Put something like that in your contract, talk to your clients about it during booking and STRESS this point and why it's important.


----------



## tirediron (Oct 28, 2014)

e.rose said:


> Your contract should not only state that he can't use it for advertisement. Your contract should state that no other photographers, amateur or otherwise, should be present for the formal photos, and that you reserve the right to throw out anyone (from where you're shooting, not the wedding) who is keeping you from physically being able to do your job.
> 
> Put something like that in your contract, talk to your clients about it during booking and STRESS this point and why it's important.

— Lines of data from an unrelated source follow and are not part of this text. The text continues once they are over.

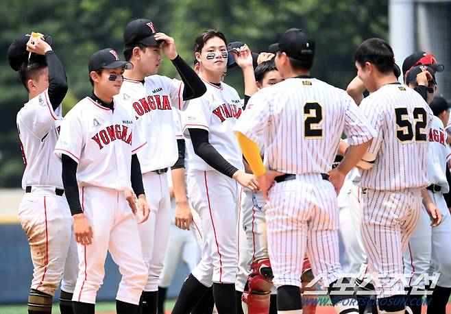 제78회 청룡기 전국고교야구선수권대회 비봉고와 마산용마고의 경기가 21일 목동야구장에서 열렸다. 마산용마고가 10대1, 6회 콜드게임승을 거두며 8강에 진출했다. 경기종료 후 인사를 나누는 양팀 선수들의 모습. 목동=허상욱 기자wook@sportschosun.com/2023.07.21/
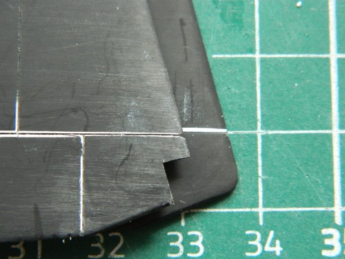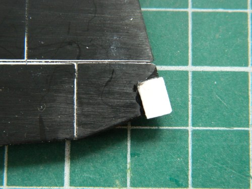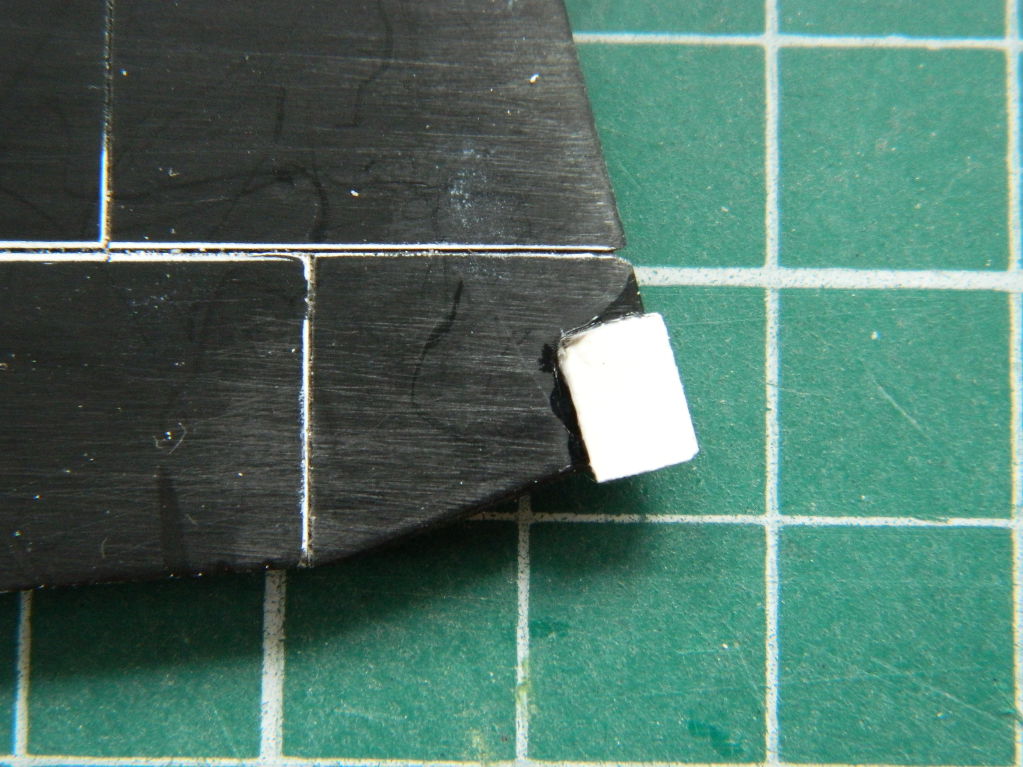While fitting, filling, and sanding the vertical stabilizers/rudders, I noticed that three of the four corners of each part were not as sharp as reference photos show them to be; the corners each had a radius that shouldn’t be there, the corner should be sharp. I cut all the corners away (for uniformity) and .060″ (1.524mm) styrene blocks were added: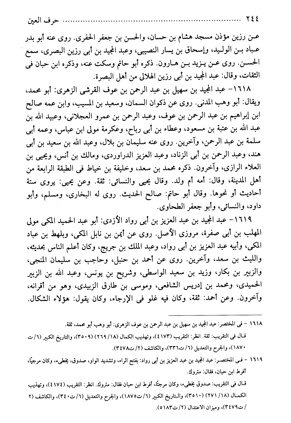 1619 - فى المختصر: عبد المجيد بن عبد العزيز بن أبى رواد: بفتح الراء، وتشديد الواو، صدوق، يخطىء، وكان مرجيًا، أفرط ابن حبان، فقال: متروك.
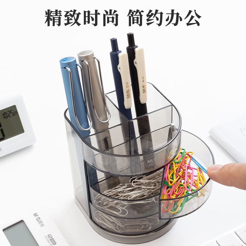 M&G 文具透明三層ファッションペンホルダー多機能オフィスデスクトップ収納ボックス ABT98443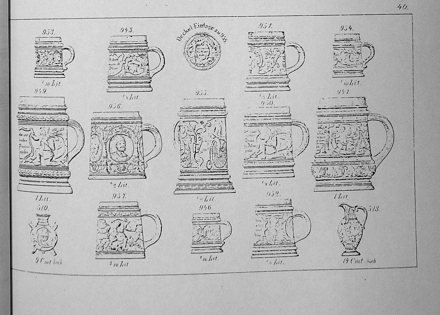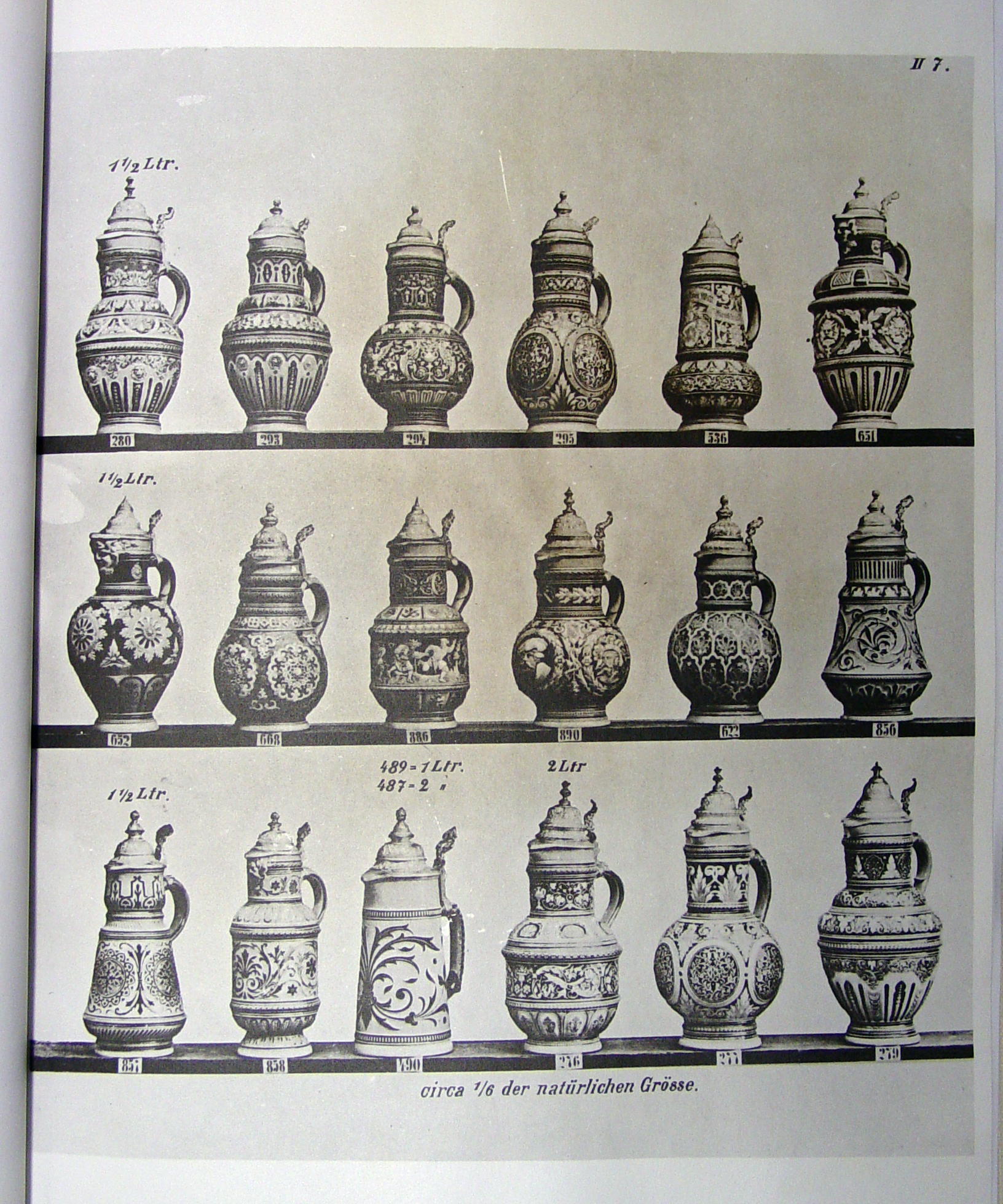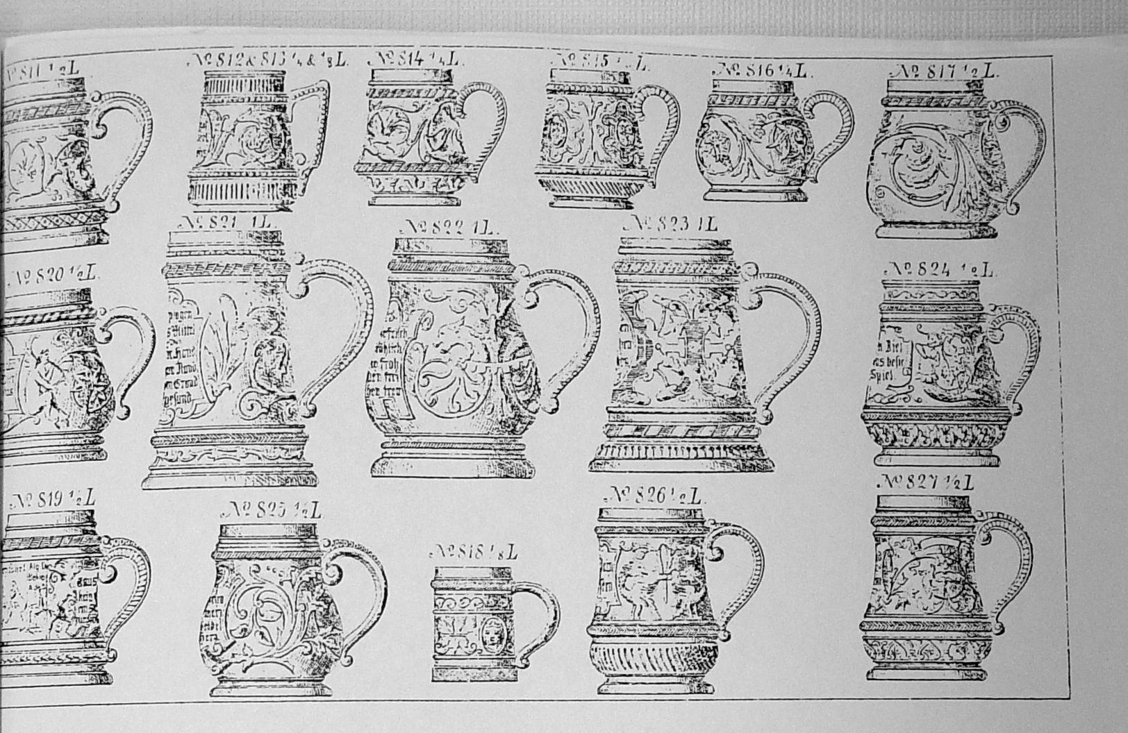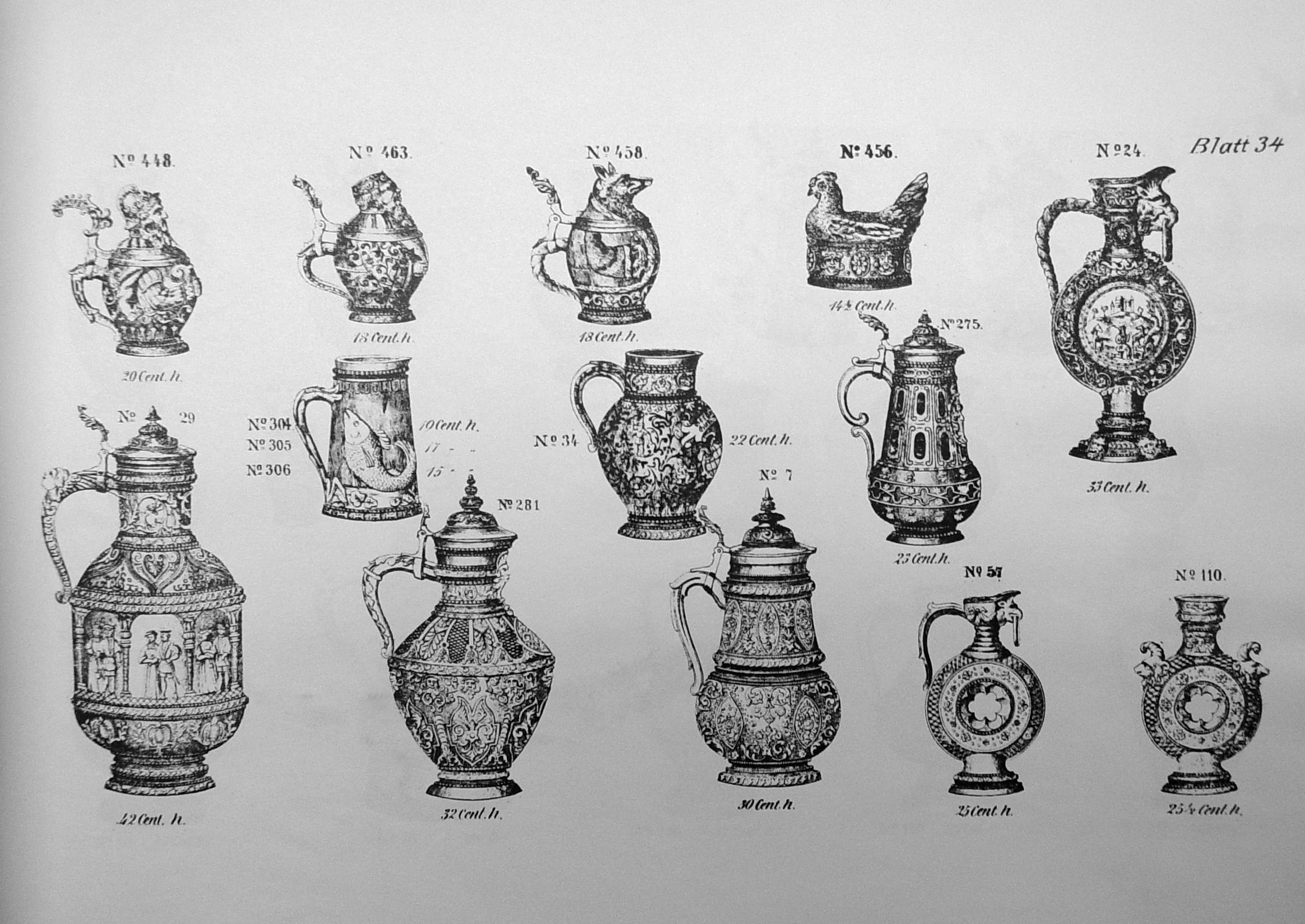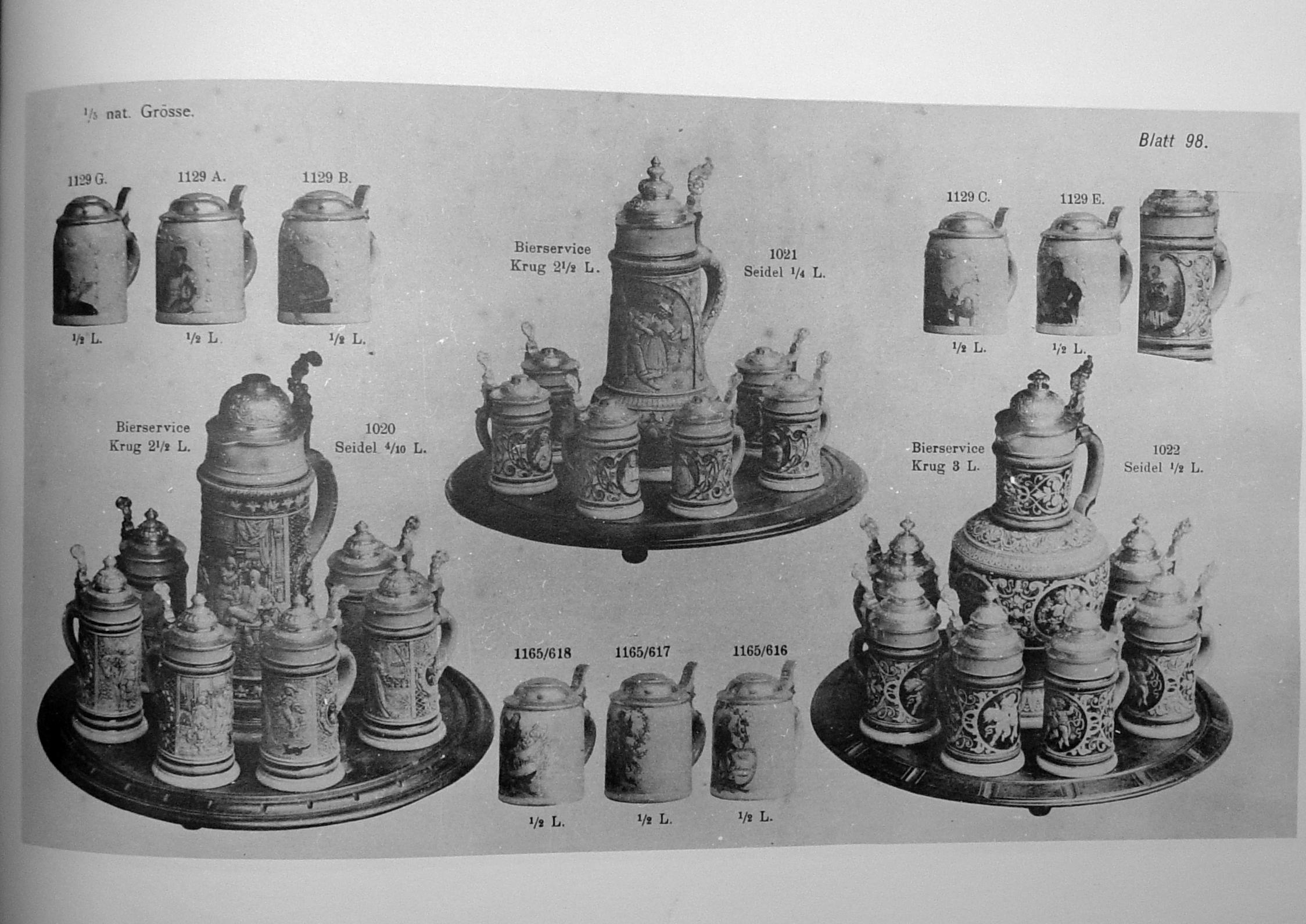 Who made this stein? Using available original manufacturers catalogs, this page allows you to look up possible answers to that question. Mold numbers beginning with 1 and ranging into the thousands appear in the first column below. For each mold number, the manufacturers who produced an item with that number are listed, along with a link to an original catalog page showing that item. Scroll down to the mold number in question, then examine the catalog pages to confirm the manufacturer of your stein.

The problem is, even if you do put this in, there's no stopping 'Uncle Bobs'....


----------



## 480sparky (Oct 28, 2014)




----------



## e.rose (Oct 28, 2014)

tirediron said:


> e.rose said:
> 
> 
> > Your contract should not only state that he can't use it for advertisement. Your contract should state that no other photographers, amateur or otherwise, should be present for the formal photos, and that you reserve the right to throw out anyone (from where you're shooting, not the wedding) who is keeping you from physically being able to do your job.
> ...



Sure there is.

I used to do it all the time, and I've had two photographers recently do this, while I was second shooting with them.

1. You have the couple explain to their guests in an announcement before hand or in the invitation or whatever that they are welcome to take photos of the ceremony but need to remain in their seats out of respect for the couple. If the COUPLE asks for it... most people will respect that.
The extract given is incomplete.